Search code examples
javamultithreadingserializationconcurrenthashmap

Proper way to serialize concurrenthashmap in multithread environment


I am writing a class in which a static ConcurrentHashMap is used (with operations like get(), put(), clear(), etc.) by multiple threads. In this class I also need to serialize the ConcurrentHashMap into a file, and deserialize it from the file. The problem is that the ConcurrentHashMap can be modified while it is being serialized and therefore it may not be thread-safe.

My questions are:

  1. ConcurrentHashMap is thread-safe, is it safe that it is modified while it is being serialized by multiple threads? (I guess the answer is no, but need confirmation)
  2. What is the best practice to serialize ConcurrentHashMap in multiple thread with the risk of a modification at the same time. Note that both safety and performance are critical for my application.

Solution

  • You start by looking into the Javadoc:

    A hash table supporting full concurrency of retrievals and high expected concurrency for updates.

    In that sense, the answer is: it depends.

    As shown above: it is possible to read such a map while it is being updated.

    So theoretically, you could "serialize" your map by simply reading all its entries; and storing those. But of course, you have no idea if updates took place while reading the map. Thus - not a good idea.
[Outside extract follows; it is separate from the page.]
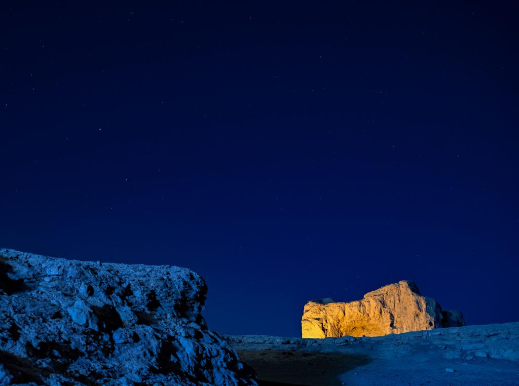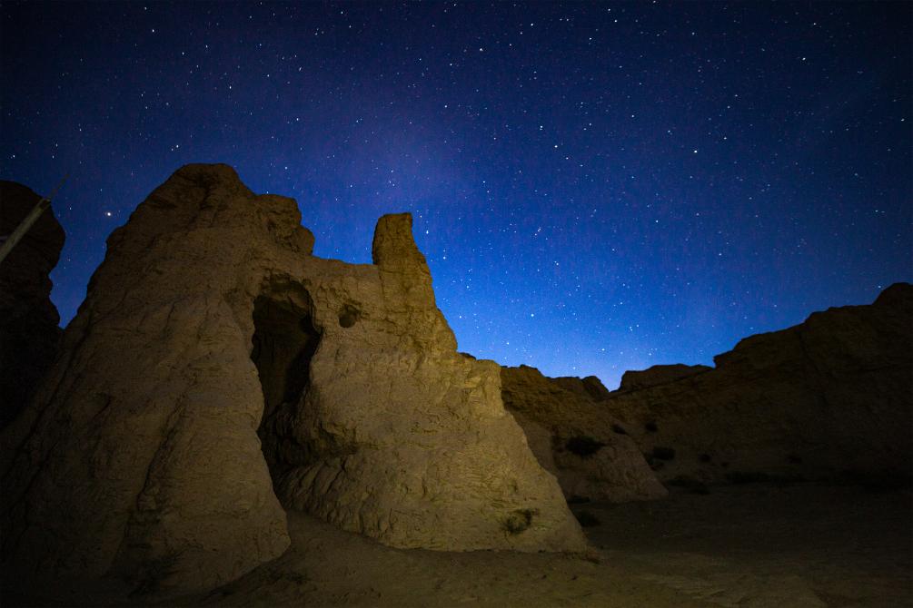 夜幕下的交河故城。(吐鲁番市文物局交河故城文管所供图)

    Then let us think about serializing the whole map in one shot. It might again depend how exactly you do that (like: using plain old java object serialization - or maybe libraries such as jackson or gson in order to serialize the map into JSON) - but on the other hand, serialization will have to look at the internals of the map object. And you do not want that the map gets updated whilst this is going on.

    Conclusion: the only choice for you is to use a lock that any thread that is going to update or serialize the map has to hold.

    See here for an introduction to the various types of locks.

    And you know, you can't have it both ways. If the integrity of your data matters to you, then you have to block all adds/updates/removals requests whilst the map is serialized!